Even though it ruled the Dublin International Airport could expand, an Irish court said there is a constitutional right to a safe environment.
A small group of Irish citizens lost its battle to stop a third runway at the Dublin Airport, but scored a monumental win that could force the Irish government to take effective action to meet its climate change goals.
“A right to an environment that is consistent with the human dignity and wellbeing of citizens at large is an essential condition for the fulfilment of all human rights,” wrote High Court Justice Max Barrett in the decision on Nov. 21, which despite ruling the runway could proceed, created a newly acknowledged constitutional right to a healthy environment.
Friends of the Irish Environment (FIE), a nonprofit that works on issues related to sustainable planning and environmental justice, had argued the proposed third runway would result in additional greenhouse gas emissions and hasten the pace of climate change.
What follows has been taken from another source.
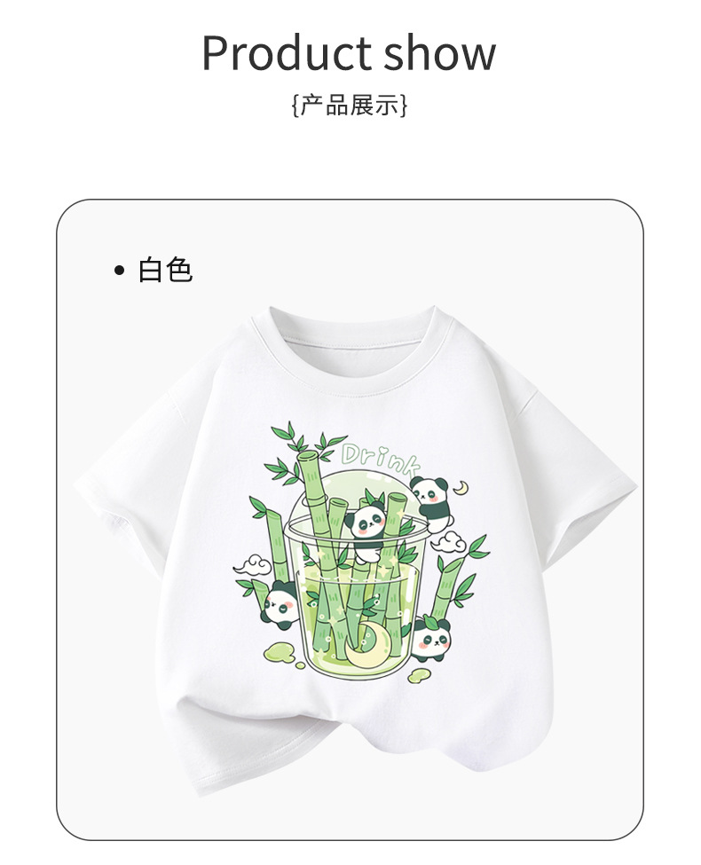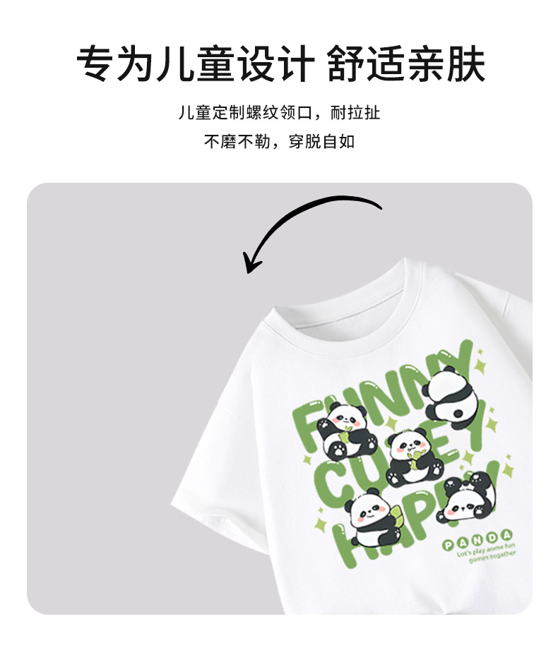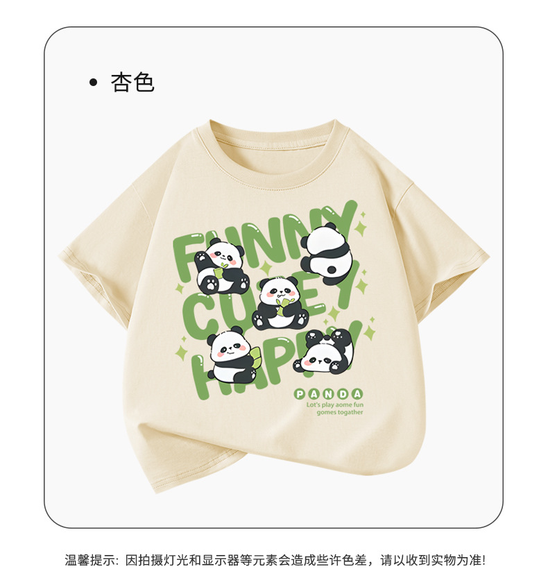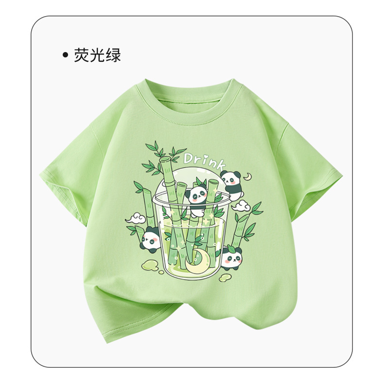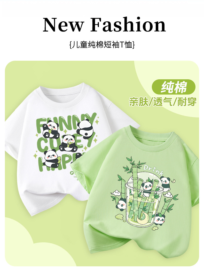 아동용 반팔 티셔츠 팬더 프린트 2025 여름 중대형 아동용 소년 순면 트렌디 소녀상의 아동복스토어 가기

Barrett dismissed FIE’s challenge for lack of standing, but opened the door to future suits using the right to a safe climate.
“It is very timely for our climate case—it is so basic and compelling that we hope the courts will see our case in a newly revealed light,” said FIE director Tony Lowes, who added that there is irony in achieving a new right but not be able to apply it to this particular case.
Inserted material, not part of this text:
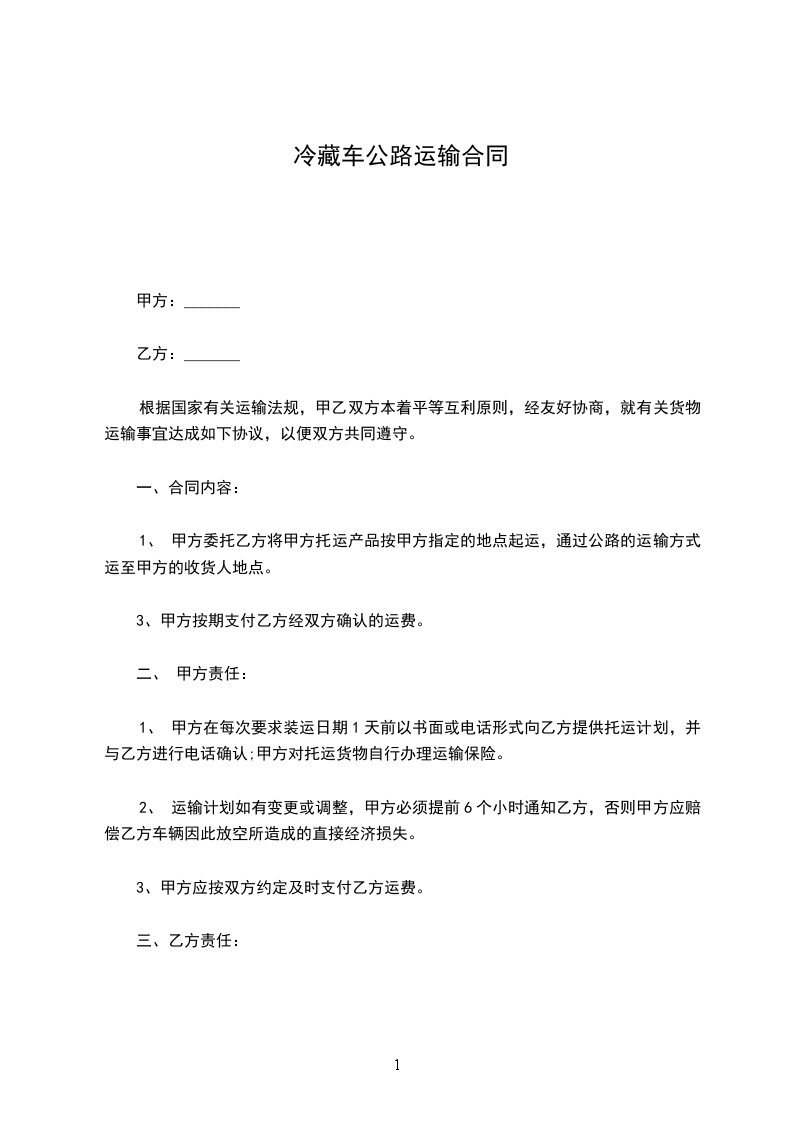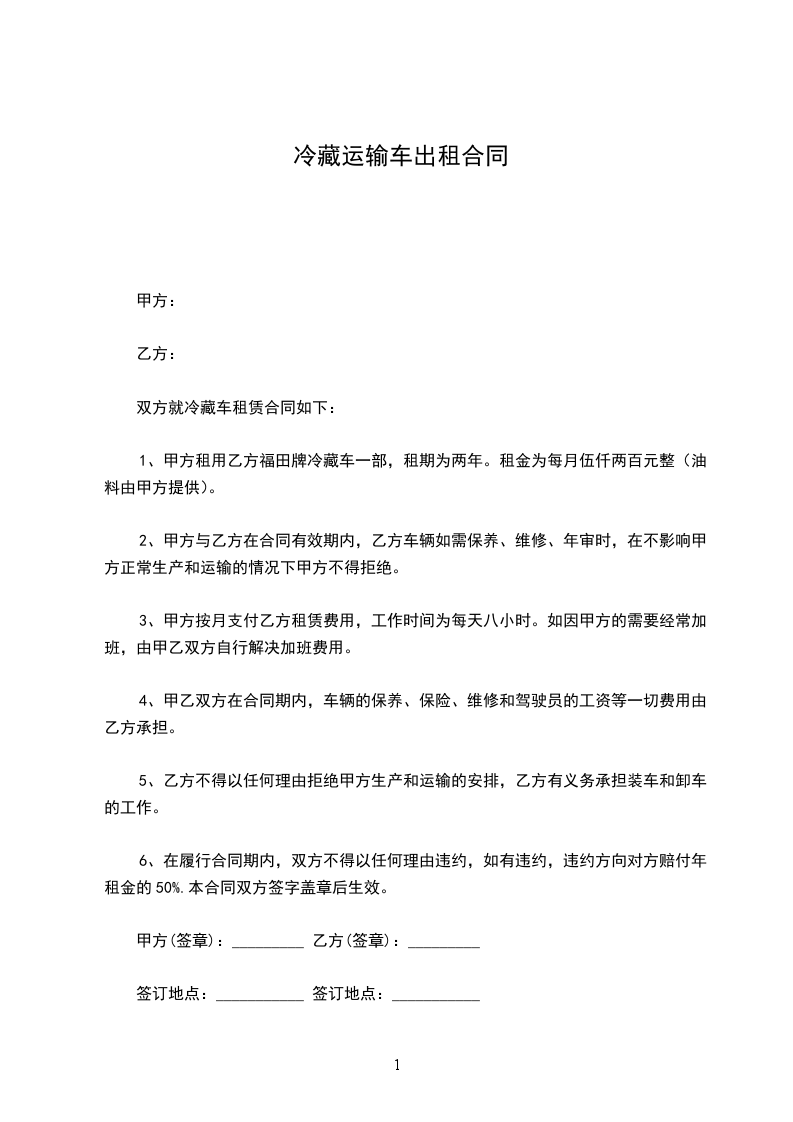 1、甲方租用乙方福田牌冷藏车一部,租期为两年。租金为每月伍仟两百元整(油料由甲方提供)。

In October, FIE filed a separate lawsuit against the Irish government, alleging that the country’s National Mitigation Plan doesn’t live up to promises it made in the Paris Climate Agreement to reduce greenhouse gas emissions. FIE also alleges that the plan violates the country’s Climate Act, the Irish Constitution and human rights obligations.
Lowes said FIE is considering whether to  appeal the runway ruling, but underscored the importance of the newly acknowledged constitutional right.
“Initially I think everyone in the Court was gobsmacked, to use an Irish expression,” said Lowes. “I understand that within the hour the word had spread through various organs of the government, where consternation was a mild description of the reaction.”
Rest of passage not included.